Segment Start: Material for this task

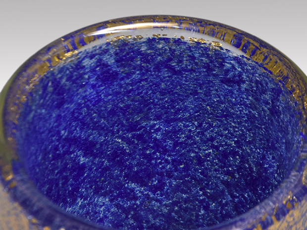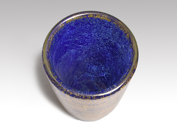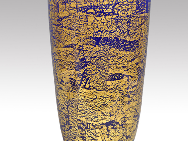 昭和32年陽春に製作された内側に瑠璃色外側に金箔を二重に散りばめたクリスタル製の大花瓶です。 存在感がございます。 キズ欠点なく良い状態です。
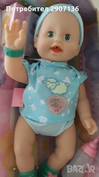 Бебе с много функции и батерии, плаче, храни се с шише,смее се,може да движи само ръце и крака → Обява 34923469
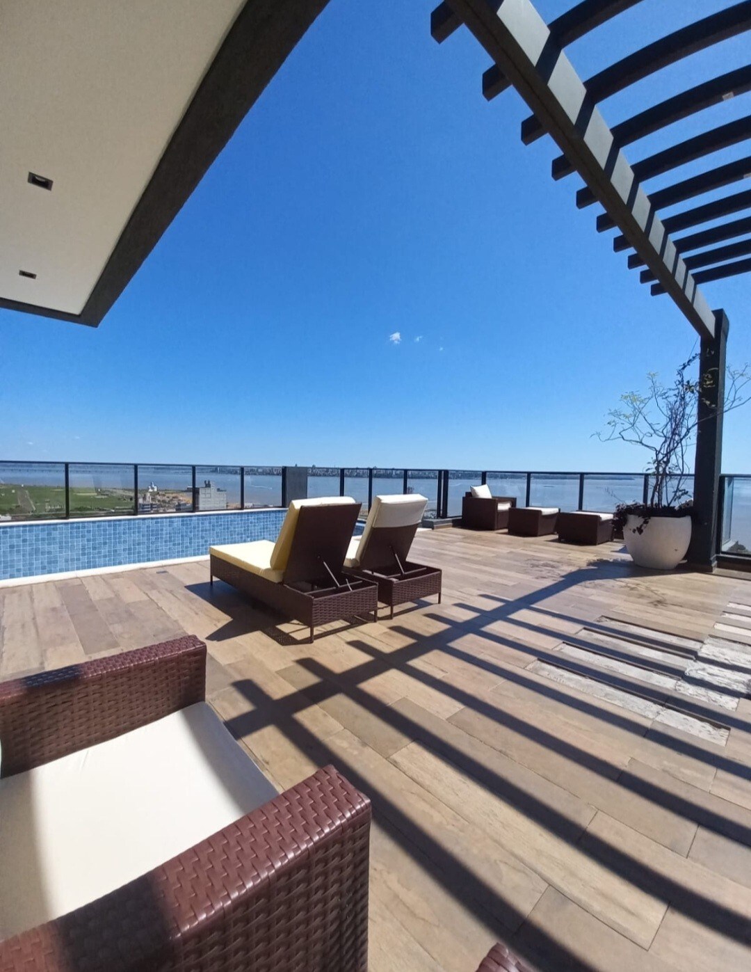 Las Mejores Vistas en Encarnación. Ubicado en el último piso del exclusivo edificio Paseo de los Teros con vista panorámica al río y la costanera. Considerado uno de los apartamentos más grandes y lujosos de la ciudad de Encarnación con 4 dormitorios (3 con vistas al río ) cuenta con todos los equipamientos necesarios para tener una experiencia inolvidable.
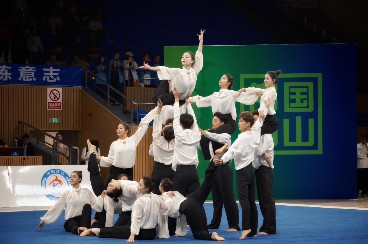 (上海体育学院技巧队圆满完成本次比赛任务)
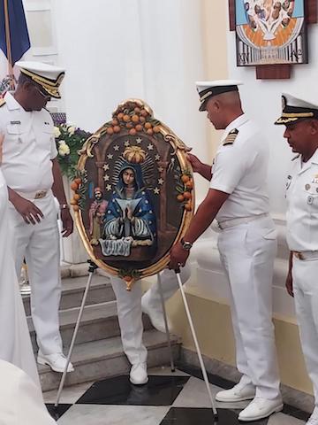 Acompañaron en la entrega de la Virgen el Obispo Monseñor José Dolores Grullón Estrella, obispo diócesis de San Juan de la Maguana, el contralmirante Juan Crisóstomo Martínez, director de Dragas, Presas y Balizamiento; y los capitanes de navío Juan Núñez Abreu, comdte. del Comando Naval de Educación y Entrenamiento; Mayobanex Montero Tapia, director de Asuntos Internacionales: y Mac Donal Belliard González, comdte. del buque escuela “Almirante Juan Bautista Cambiaso.
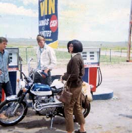 It wasn't long after moving to the flatlands of western Kansas that I was hooked on Guzzi. A local rider was kinda famous in the area for his hard, long and fast rides on his 1967 V-700 Guzzi. Talking with this rider made me a believer in Guzzi, and Don was ready to make me an owner. Mary Jo and I were poor, but Don kindly took my Norton in on trade. On April of 1968 Don wheeled the 700cc Moto Guzzi out of the shop's door (an ex gas station) and told me to take it home and pay when I could. As he pushed the V-700 out the door, he told me, "The Norton is faster, but the Guzzi will get you there quicker."
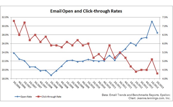 O relatório E-mail Trends and Benchmarks Report, elaborado trimestralmente pela Epsilon, mostra que a taxa média de abertura de e-mails anda em alta. De cada 100 mensagens enviadas, 28 são abertas. No entanto, a taxa de cliques em pelo menos um link da mensagem foi de apenas 4,3% no segundo trimestre de 2013. É o…
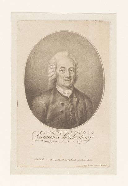 Curator: Looking at this portrait, my initial feeling is one of cool detachment. It's incredibly formal. Editor: Indeed. What we have here is Johann Heinrich Lips's 1777 engraving, "Portret van Heinrich Escher," housed right here at the Rijksmuseum. It’s an exquisite example of neoclassical portraiture. Curator: The oval frame, the elaborate wig, the man's guarded expression... it speaks volumes about status, about the projection of authority in that era. There's a calculated neutrality, wouldn't you agree? Editor: Absolutely. Escher’s gaze is direct, unwavering. Lips has captured that essence perfectly. Considering that this image was widely reproduced, its visual language would have circulated ideas about who held power, and how that power should be perceived. Curator: I'm also struck by how the details work symbolically. The ruffled shirt, for instance, is a visual signifier of his societal rank but also his attention to the finer things. A kind of luxury code. Editor: And beyond just material wealth, the framing, that decorative ribbon... it elevates Escher almost to the status of a relic, set apart from the mundane. Curator: Definitely! His slightly asymmetrical features hint, though, that behind this constructed image of decorum is a living, breathing individual. Editor: It serves to subtly humanize the man. Even in these carefully curated representations, hints of the personal peek through, revealing the tension between social performance and individual identity that still haunts us today. What I think it ultimately is conveying the struggle between internal reality and its representation, and external appearances and the political messages communicated. Curator: Very well put! Editor: It's those nuances, the dance between what is presented and what is suggested, that keeps us returning to portraits like this. Curator: Agreed. The past keeps speaking, if we listen closely.
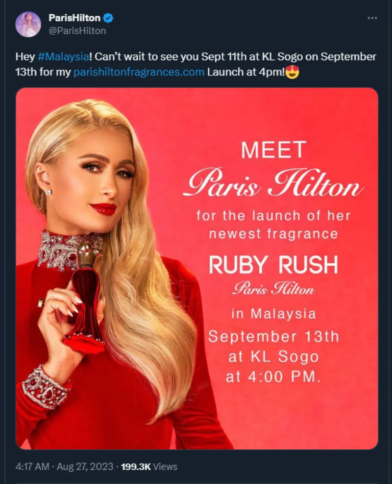Yesterday (Sunday, 27th August), American socialite Paris Hilton posted an exciting announcement for her Malaysian fans on her Twitter. The DJ said that she’ll be making her way to our shores next month in September to celebrate the launch of her new Ruby Rush perfume from her Paris Hilton Fragrances collection!
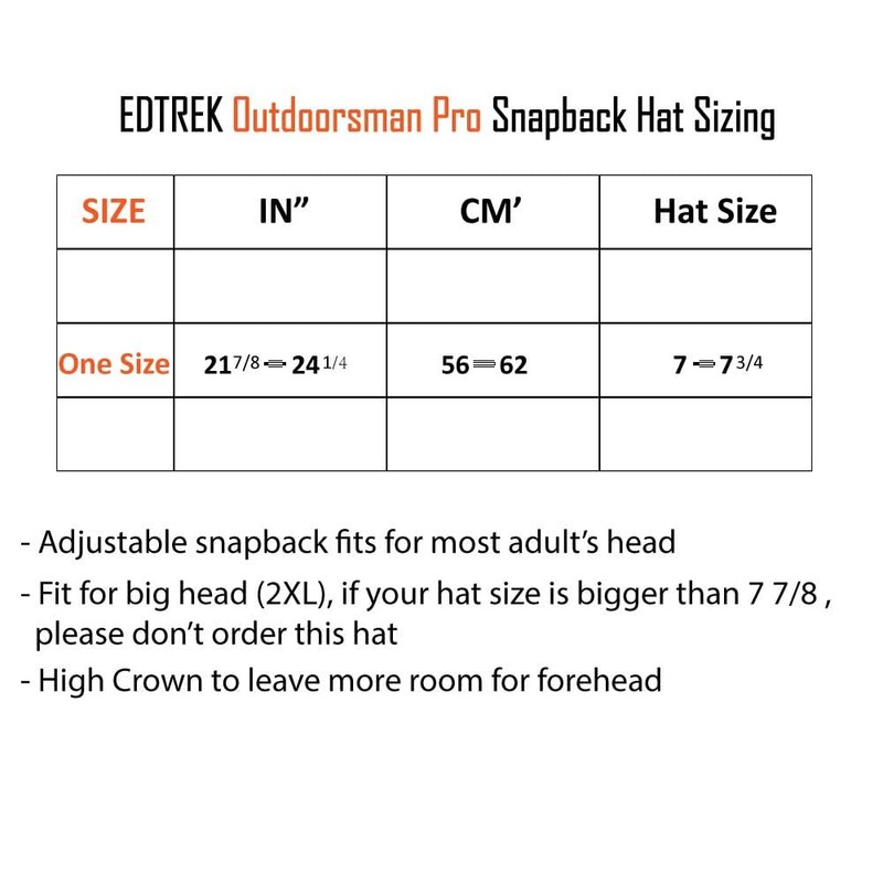 - OUTDOORSMAN PRO HAT - Outdoorsman Pro hat is structured, six-panel, high-profile and flat brim with adjustable snapback. Flat bill is especially preferred by experienced outdoorsman. It keeps sun, drizzle and snow out of your eyes, still keep good visual range. Perfect as Camping hat, fishing hat, hunting hat, work hat, trail hat, baseball hat, all around cap
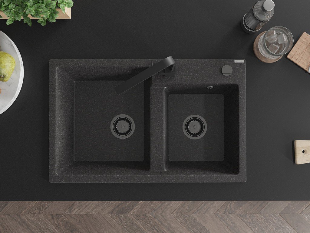 MEXEN/S - Tomas granitový dřez 2-bowl včetně baterie Rita, černá kropenatá 6516-76-670300-70-B
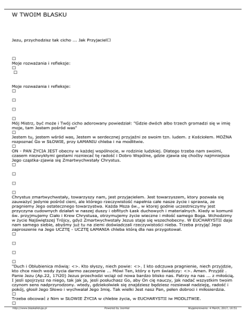 W TWOIM BLASKU Jezu, przychodzisz tak cicho ... Jak Przyjaciel Moje rozważania i refleksje: Moje rozważania i refleksje: Mój Mistrz, być może i Twój cicho adorowany powiedział: "Gdzie dwóch albo trzech gromadzi się w imię moje, tam Jestem pośród was" Jestem tu, jestem wśród was, Jestem w serdecznej przyjaźni ze swoim tzn. ludem. z Kościołem. MOŻNA rozpoznać Go w SŁOWIE, przy ŁAMANIU chleba i na modlitwie. ON - PAN ŻYCIA JEST obecny w każdej wspólnocie, w rodzinie ludzkiej. Dlatego trzeba nam swoimi, czasem niezwykłymi gestami rozniecać tę radość i Dobro Wspólne, gdzie zjawia się choćby najmniejsza Jego cząstka-zjawia się Zmartwychwstały Chrystus. Chrystus zmartwychwstały, towarzyszy nam, jest przyjacielem. Jest towarzyszem, ktory pozwala się zauważyć jedynie pośród cieni, ale którego rzeczywistość napełnia całe nasze życie i sprawia, ze pragniemy Jego ostatecznego towarzystwa. Każda Msza św., w ktorej godnie uczestniczymy jest przyczyna cudownych działań w naszej duszy i obfitych Łask duchowych i materialnych. Kiedy w komunii św. przyjmujemy Ciało i Krew Chrystusa, otrzymujemy życie wieczne i miłość samego Boga. Wchodzimy w życie Najświętszej Trójcy, gdyż Zmartwychwstały Jezus staje się wszechobecny. W EUCHARYSTII daje nam samego siebie, abyśmy już tu na ziemi doświadczali rzeczywistości nieba. Trzeba przyjąć Jego zaproszenie na Jego UCZTĘ - UCZTĘ ŁAMANIA chleba którą dla nas przygotował. "Duch i Oblubienica mówią: <>. Kto słyszy, niech powie: <>. I kto odczuwa pragnienie, niech przyjdzie, kto chce niech wody życia darmo zaczerpnie ... Mówi Ten, który o tym świadczy: <>. Amen. Przyjdź . Panie Jezu (Ap.22, 17i20) Jezus przechodzi wciąż od nowa bardzo blisko nas. Patrzy na nas ... z miłością. I jesli spojrzysz na niego, tak jak ja, jesli posłuchasz Go, aby On cię nauczy, jak nadać wszystkim twoim czynom sens nadprzyrodzony. wtedy, gdziekolwiek się znajdziesz będziesz rozsiewał nadzieję, radość i pokój, głosił Jego Słowo i wychwalał Jego Imię. Tak wielki Jest nasz Pan, pełen dobroci i miłosierdzia. Trzeba obcować z Nim w SŁOWIE ŻYCIA w chlebie życia, w EUCHARYSTII iw MODLITWIE. http://www.blaskalleluja.pl Powered by Joomla! Wygenerowano: 4 March, 2017, 10:51 I obcować z Nim tak, jak się obcuje z przyjacielem z osobą rzeczywista i żywa, jaką jest On-Chrystus, ponieważ zmartwychwstał. Trzeba zachwycić się Nim i Jego Ewangelia, gdyż nauka ta jest poznaniem Boga i Bożych Prawd przez syna Bożego - Wcielone Słowo i siebie samego w Nim - w Jezusie Chrystusie Panu naszym Marana tha! CHWALMY PANA - Także w necie! http://www.blaskalleluja.pl Powered by Joomla! Wygenerowano: 4 March, 2017, 10:51
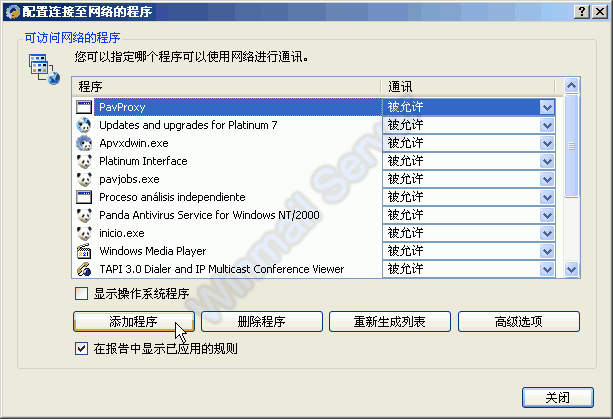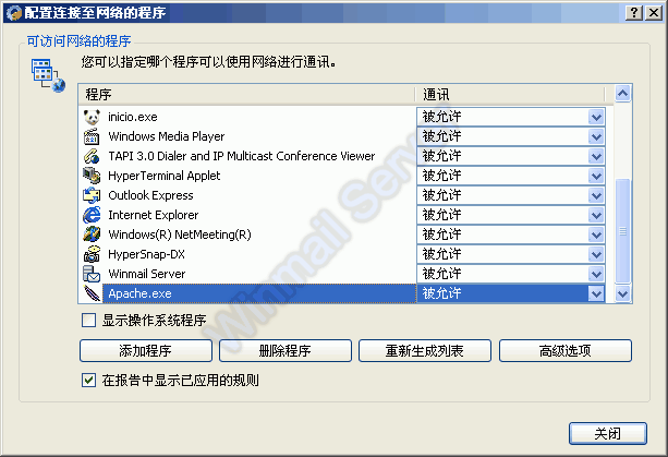 (6)添加Winmail Server安装目录下的MailServer.exe和Apache.exe并给予允许访问网络权限

Segment End: Material for this task

→ **Exercise aim**
Up to and including the line that contains "(上海体育学院技巧队圆满完成本次比赛任务)", print the records above exactly from their first line, without any pictures.

→ **Output for this exercise**
 昭和32年陽春に製作された内側に瑠璃色外側に金箔を二重に散りばめたクリスタル製の大花瓶です。 存在感がございます。 キズ欠点なく良い状態です。
 Бебе с много функции и батерии, плаче, храни се с шише,смее се,може да движи само ръце и крака → Обява 34923469
 Las Mejores Vistas en Encarnación. Ubicado en el último piso del exclusivo edificio Paseo de los Teros con vista panorámica al río y la costanera. Considerado uno de los apartamentos más grandes y lujosos de la ciudad de Encarnación con 4 dormitorios (3 con vistas al río ) cuenta con todos los equipamientos necesarios para tener una experiencia inolvidable.
 (上海体育学院技巧队圆满完成本次比赛任务)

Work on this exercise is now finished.